Aqueous picloram degradation by hydroxyl radicals: Unveiling mechanism, kinetics, and ecotoxicity through experimental and theoretical approaches

Pesticides are chemical compounds widely used to combat pests in crops, and they thus play a key role in agricultural production. However, due to their persistence in aquatic environments, even at low concentrations, their use has been considered an environmental problem and caused concern regarding the adverse effects on human health. This paper reports, for the first time, the mechanisms, kinetics, and an evaluation of the toxicity of picloram degradation initiated by center dot OH radicals in the aqueous environment using quantum chemistry and computational toxicology calculations. The rate constants are calculated using a combination of formulations derived from the Transition State Theory in a realistic temperature range (250-310 K). The results indicate that the two favorable pathways (R1 and R5) of center dot OH -based reactions occur by addition to the pyridine ring. The calculated rate constant at 298 K is compared with the overall second-order reaction rate constant, quantified herein experimentally via the competition kinetics method and data available in the literature showing an excellent agreement. The toxicity assessment and a photolysis study provide important information: i) picloram and the majority of degradation products are estimated as harmful; however, ii) these compounds can suffer photolysis in sunlight.

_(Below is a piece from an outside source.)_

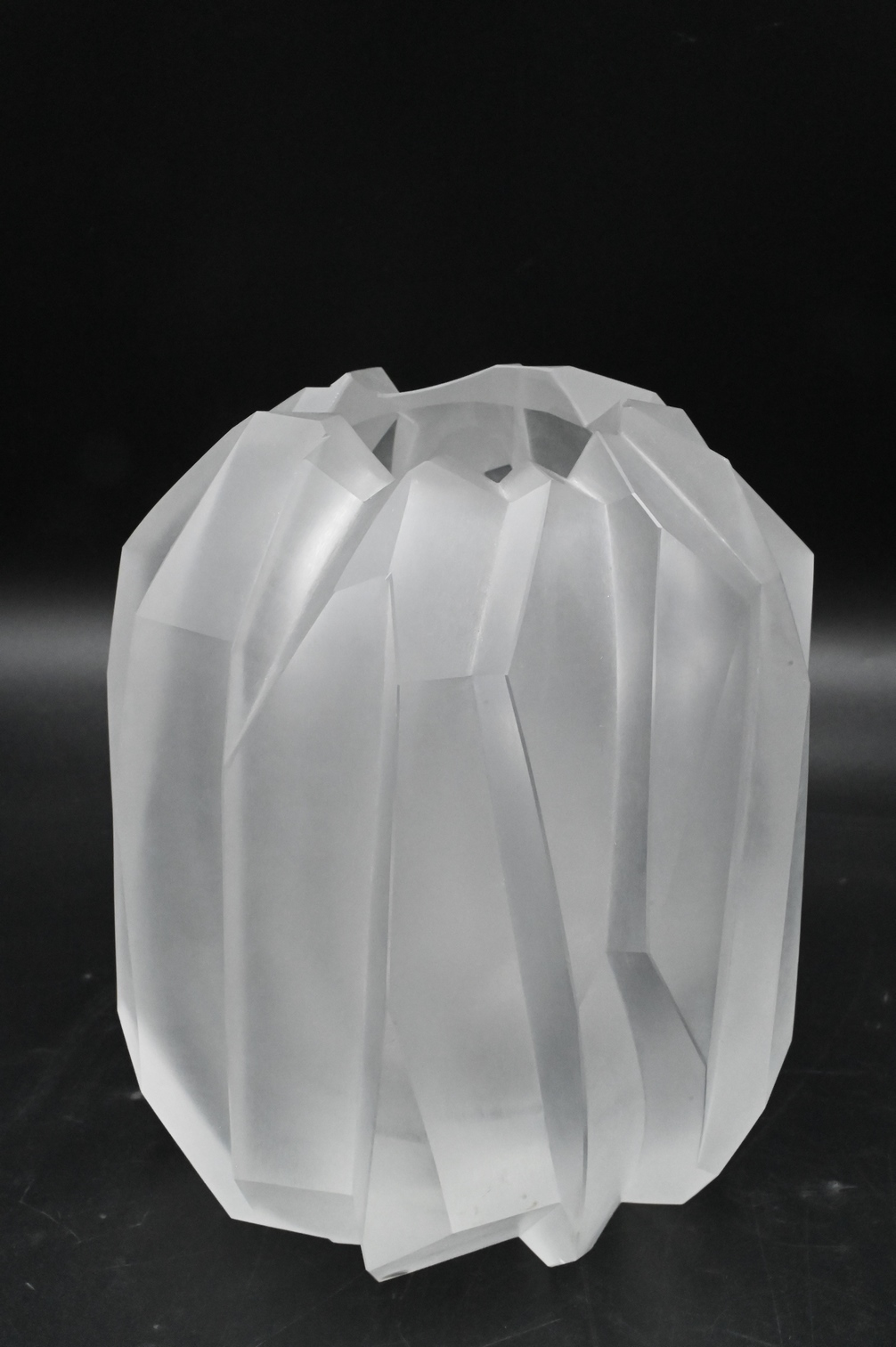 J&L Lobmeyr “Gletscher” Frosted Crystal Vase, having Lobmeyr markings to base, designed by Sebastian Menschhorn, height 9 inches, width 7 1/2 inches.

The results of the present study can help understand the mechanism of picloram, also providing important clues regarding risk assessment in aquatic environments as well as novel experimental information. (C) 2021 Elsevier Ltd. All rights reserved.

Automated summary

Pesticides play a key role in agricultural production, but their persistence in aquatic environments raises concerns about adverse effects on human health and the environment. This study used quantum chemistry and computational toxicology to analyze the mechanism, kinetics, and toxicity of picloram degradation, revealing potential harm of picloram and its degradation products, as well as their susceptibility to photolysis in sunlight. The results provide important insights for risk assessment and experimental research in aquatic environments.